Discussion in Dubai includes concerns about curriculum, while the need for better dialogue between ministry and schools is highlighted.
Head teachers air grievances with Education Minister
Dubai // Hundreds of principals and directors from public schools in Dubai voiced their frustrations to education ministry officials yesterday over issues they believe have been unresolved for years.
During the debate, organised by the Ministry of Education, there was obvious concern over challenges facing the education sector including staff shortages, curriculum and fair promotions.
Humaid Mohammed Obaid al Qattami, the Minister of Education, responded to questions by calling for a new phase of unified, structured and transparent communication between schools and the ministry.
"Problems arise when things are unclear," Mr al Qattami said, "so it is important to build a strong foundation that leads to a stronger workforce."
This, he explained, required a clear distribution of responsibilities at all levels of education, thus leading to management efficiency and teamwork.
The ministry, he said, was researching ways to raise the percentage of graduates from public schools. The process involved delving into the details of developing the curriculum, assessment tools, examinations, school environments and implementing development programmes for both school principals and teachers.
"Schools are the essence of society. And, like any other sector, we must accommodate changes - in the management process, new technology and so on," Mr al Qattami said.
Some teachers said that while they had held the position of principal for years, the transition had yet to be officially acknowledged. There was also a general agreement on the shortage of qualified teachers. Some principals said they had gone to the extent of cancelling classes because substitute teachers were so few and far between.
The lack of available substitutes was especially noticeable in Physical Education, principals said, something they said should not be overlooked because the health of the children was of paramount importance.
Huda Shiban, the principal of Al Mizhar Primary School, said there was also the critical problem of overcrowded classrooms.

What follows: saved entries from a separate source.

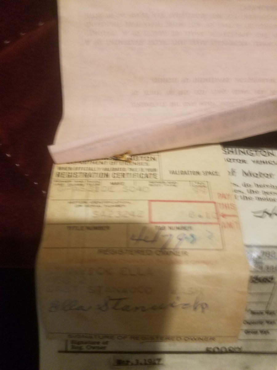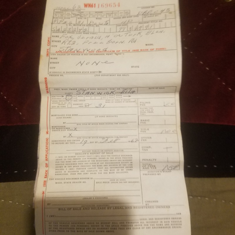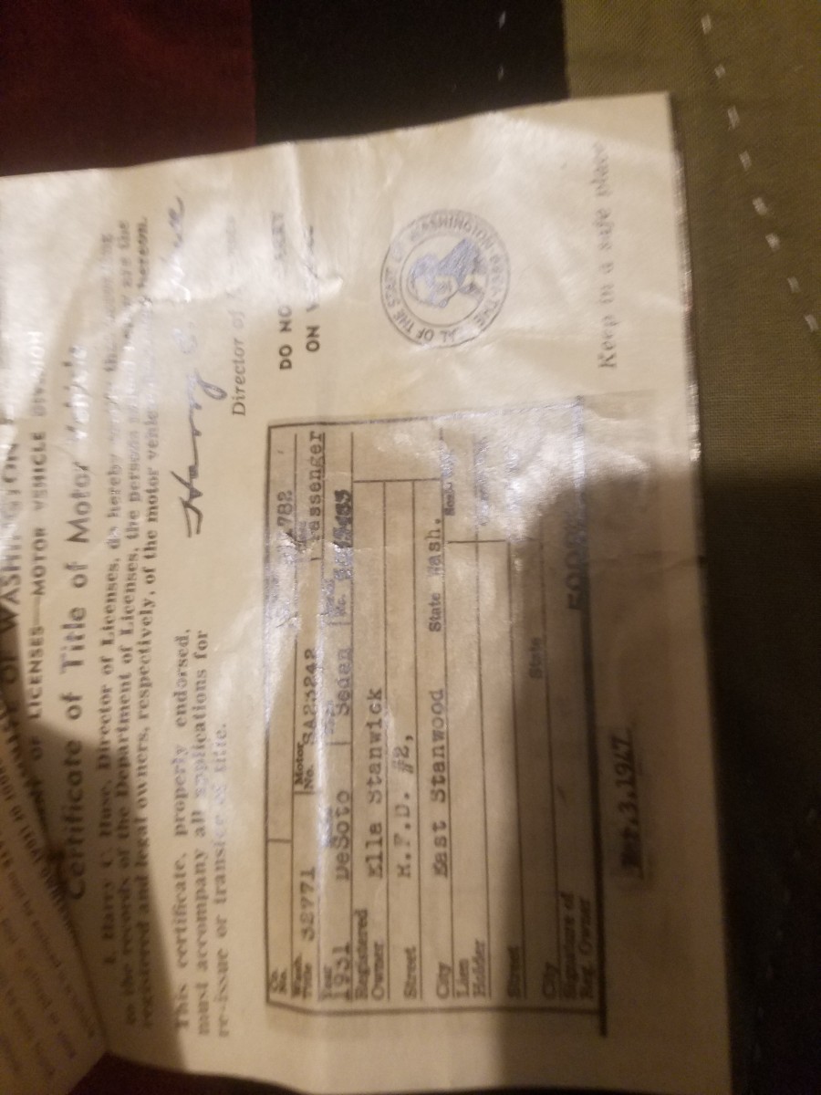 Washington State title for a 1931 Desoto Sedan dated March 3, 1947, 1974 registration, and title application triplicate forms all with Stanwood Washington addresses.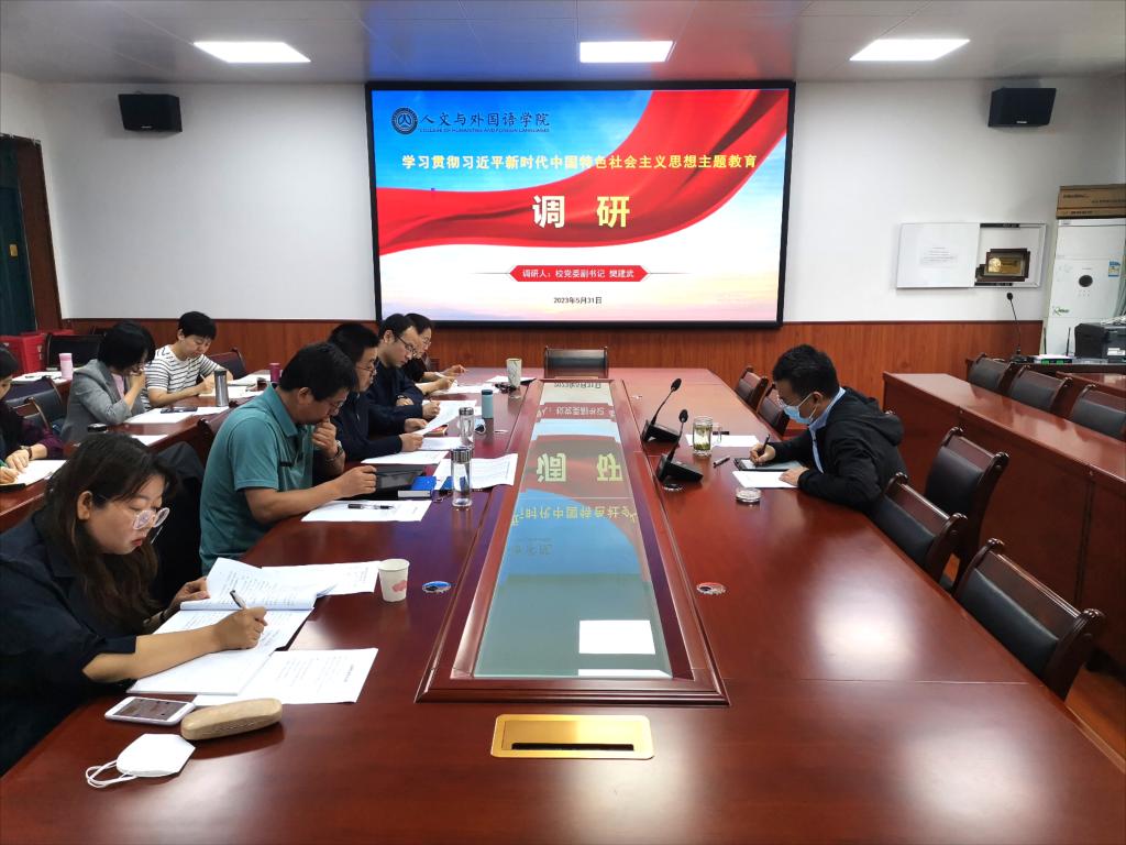 5月31日,校党委副书记樊建武在澳门正规电子游戏平台开展学习贯彻习近平新时代中国特色社会主义思想主题教育调研。学院党政班子全体成员、党支部书记、各系部室主任参加调研。
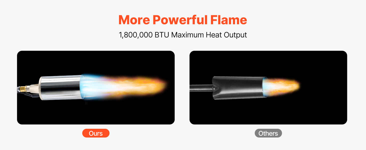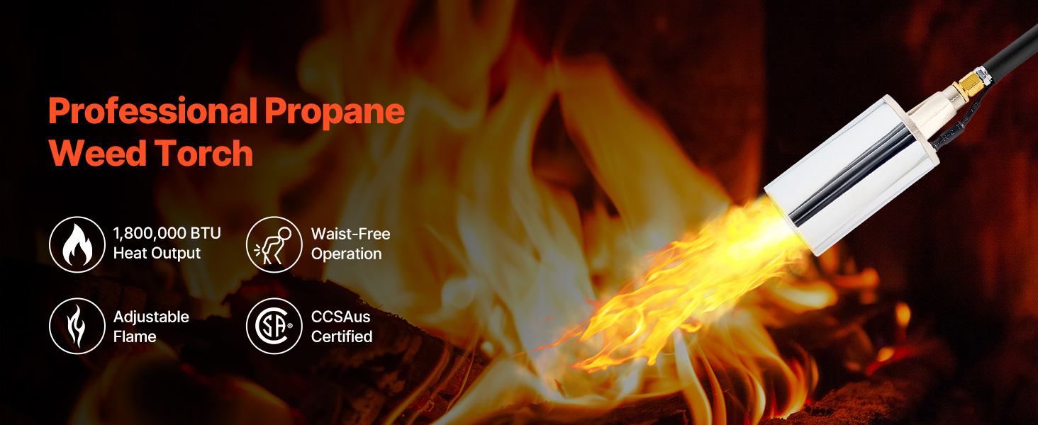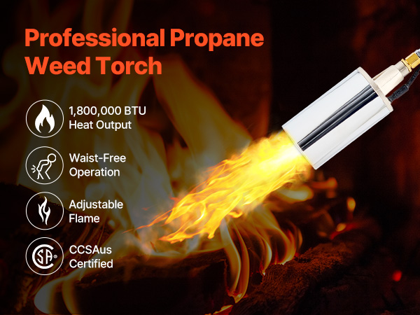 - Efficient Weed Control: Fire up 1,800,000 BTU of weed-blasting heat! This propane torch weed burner burns hot enough to instantly dry out and char weeds on contact. One sweep clears more ground—less back and forth, more done in less time

"Firstly, it's a good step that the minister is calling for better communication, and I hope for more meetings so we can work together effectively and speak openly," said Mrs Shiban. "On average, our teachers have 24 classes per week with at least 30 students in each. We need smaller classes so teachers can invest more time with each student."
Mrs Shiban said the solution was not as simple as splitting the classes. "We'll need more teachers and a budget for it. But it's important to divide classes to allow creative teaching and [so that] students will be engaged in new learning activities," she said.
The Ministry of Education is restructuring curriculums, and new school books are to be introduced this year. "Some of the books have been the same for too many years even though education, students, teachers and administration have developed," said Mrs Shiban.
Mona Ali al Mulla, the manager of Al Aweer Primary School, agreed that changing some textbooks would move things forward. "We'll see good changes in subjects like mathematics, science and art," she said.
Like many, Mrs al Mulla hopes the ministry will act on its promise of better dialogue.
"We would like more discussions with each department of the ministry. This is what will create stronger teamwork and success," she said.
The Dubai Police Chief, Lt Gen Dhahi Khalfan Tamim, was also present at the session. He called for developing the curriculum towards better teaching of Arabic. He also said ways of gaining and maintaining the interest of students should be investigated.
Mr al Qattami also promised solutions to further queries such as the school calendar, sick leave, promotions and sudden staff resignation in the middle of the school year.